Kamaralar ayrı olarak mükemmel karışım modeli kullanılarak modellenmiştir. Simülasyon
sonuçları ürün tahminlerinin 1. kamarada tutarlı olduğu ve 2. kamarada ise Hardgrove testinin tek
tane testine göre daha olumlu sonuçlar verdiğini göstermiştir.
THE USE OF DIFFERENT BREAKAGE TEST PROTOCOLS IN MULTICOMPARTMENT BALL MILL MODELLING
Modelling of grinding circuits is crucial for circuit design and optimization. Determination of
breakage distribution function of the materials is important for accurate and reliable modelling. In
this study, the model structure was focused on using separate breakage tests for each chamber.
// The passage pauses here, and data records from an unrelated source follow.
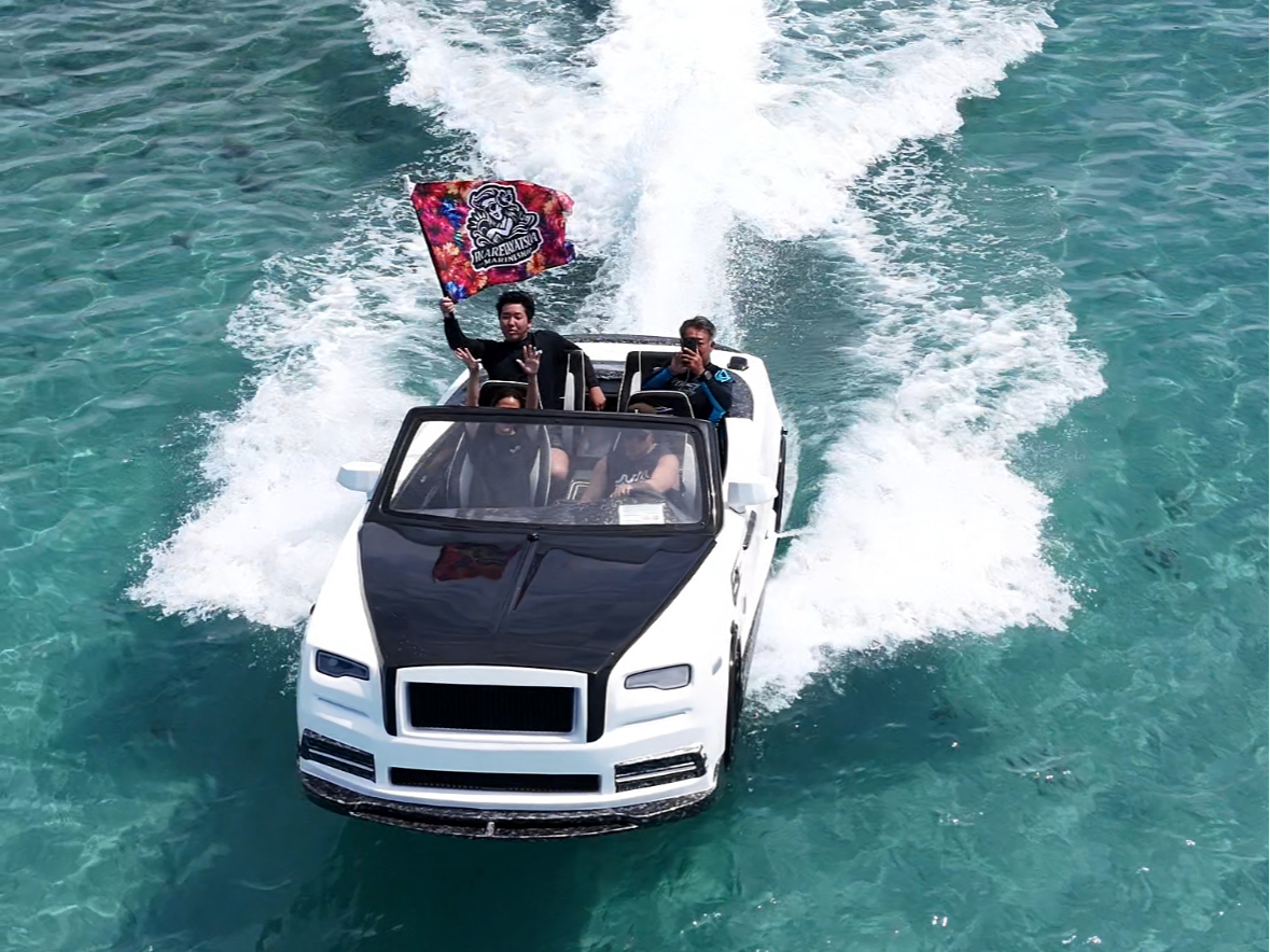 【名護市・今帰仁村・古宇利島】お子様でも運転できる海上ゴーカート!!免許不要のアクアクルーザー!家族一緒に今帰仁ブルーを楽しもう!
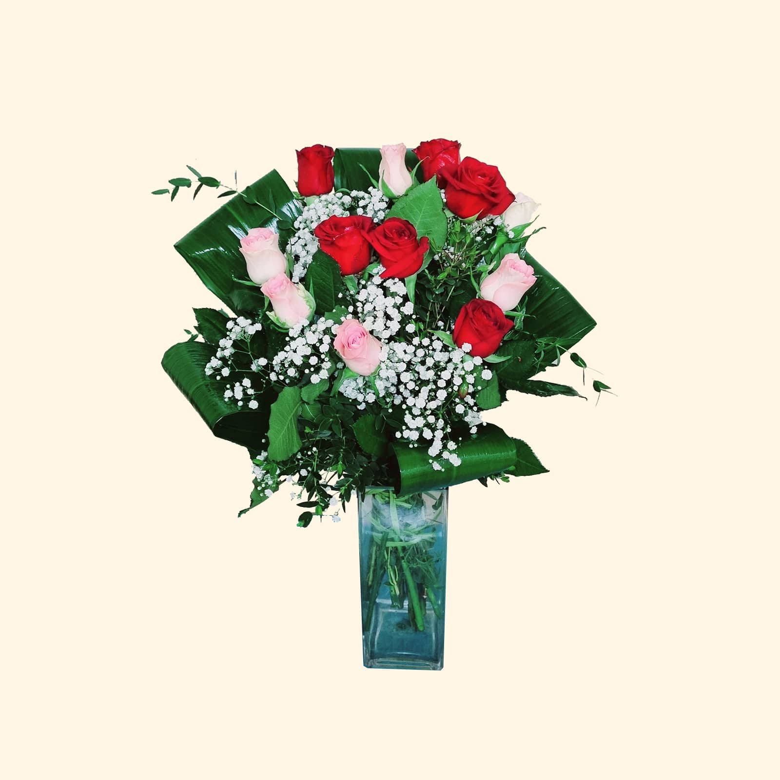 Questo Bouquet è una composizione vibrante di 6 rose rosse e 6 rose rosa che si uniscono in un matrimonio d’amore di gusto ed eleganza.
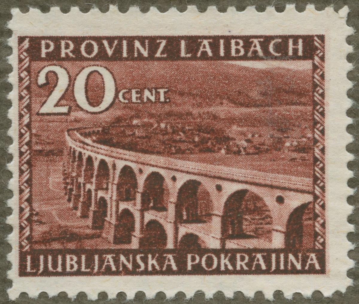 Frimärke från Kroatien, 1945. Motiv av Ståtlig bro i provinsen Laibach
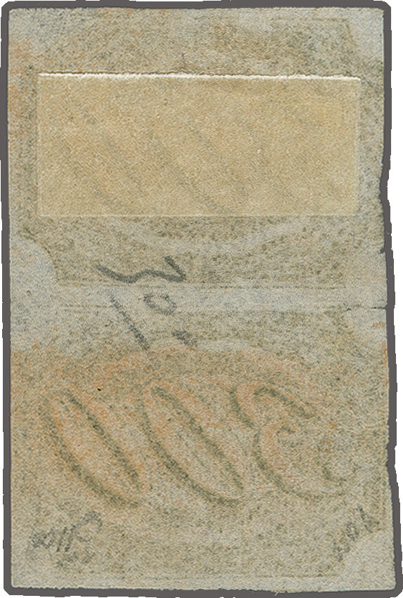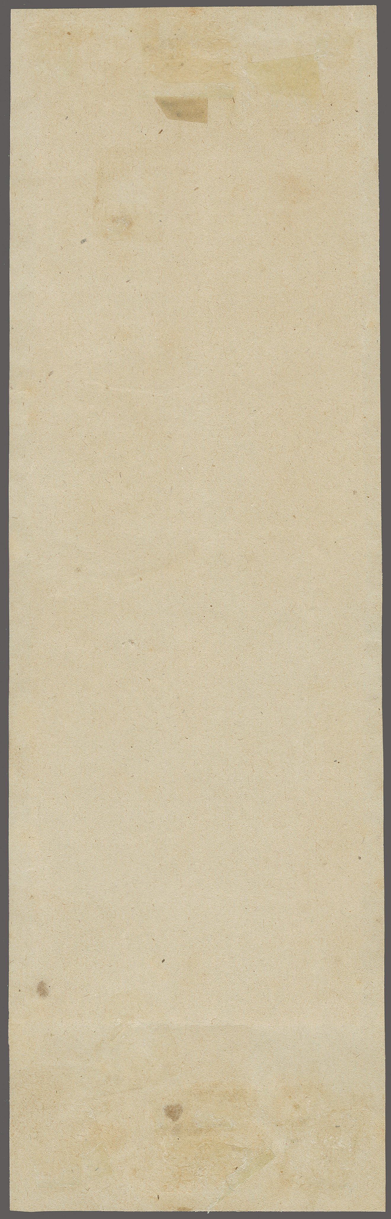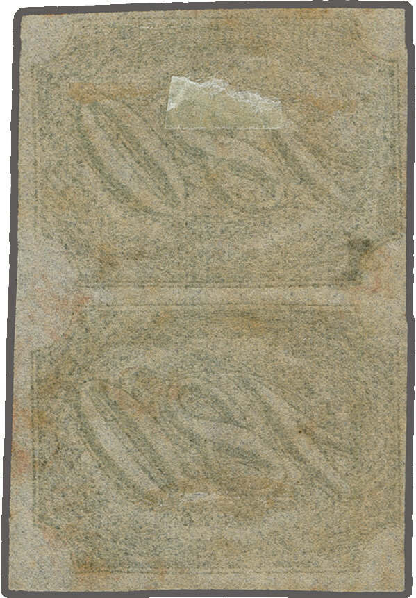 10060 imageInclinados 1844/46: 300 r. black on thin greyish paper, a used vertical pair in a deep shade, large margins on three sides, touched at left and with small closed tear in margin at left, just into design of the lower stamp, cancelled by smudged handstamp in red, probably of Corte. A new find, unlisted in "Inclinados" by Bernd Juchert and also unlisted by Walter Taveira; despite the imperfection of great rarity in a multiple with just four pairs now recorded Scott = $ 4'400+. (Image 1)
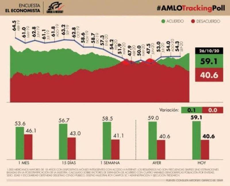 La encuesta «AMLO Tracking Poll» del diario El Economista, destaca que la aprobación del presidente Andrés Manuel López Obrador al 26 de octubre es de 59.1 por ciento, contra el 40.6%
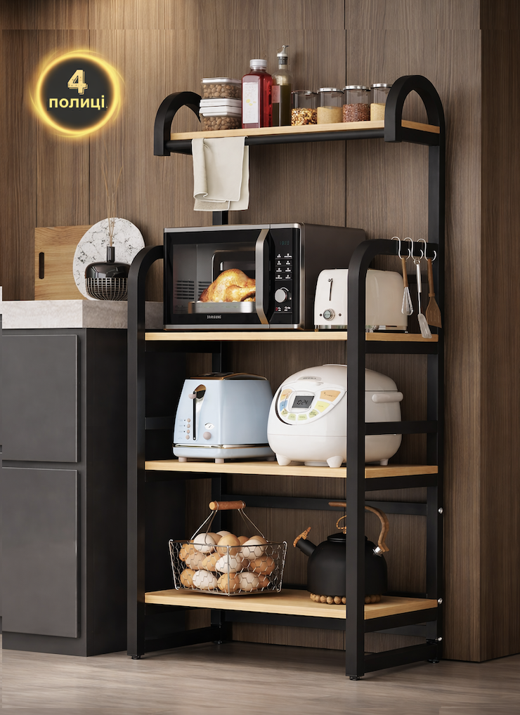 Чотири полиці забезпечують зручне розміщення техніки, посуду, книг і аксесуарів.

Within the study, sampling studies were performed around the grinding circuit containing
2-chamber ball mill and inside the mill and, particle size distributions of collected samples were
determined. Then mass balance studies were performed. Single particle drop weight test for
the chamber-1 while Hardgrove test for the second chamber of the mill was carried out then
size-dependent breakage distribution functions were calculated. The study is the first application
of using Hardgrove technique in the ball mill model. Each chamber was modelled separately
by using Perfect Mixing Model. Simulation results showed that the product estimations were
accurate for the chamber-1 that the Hardgrove test was suitable for the chamber-2.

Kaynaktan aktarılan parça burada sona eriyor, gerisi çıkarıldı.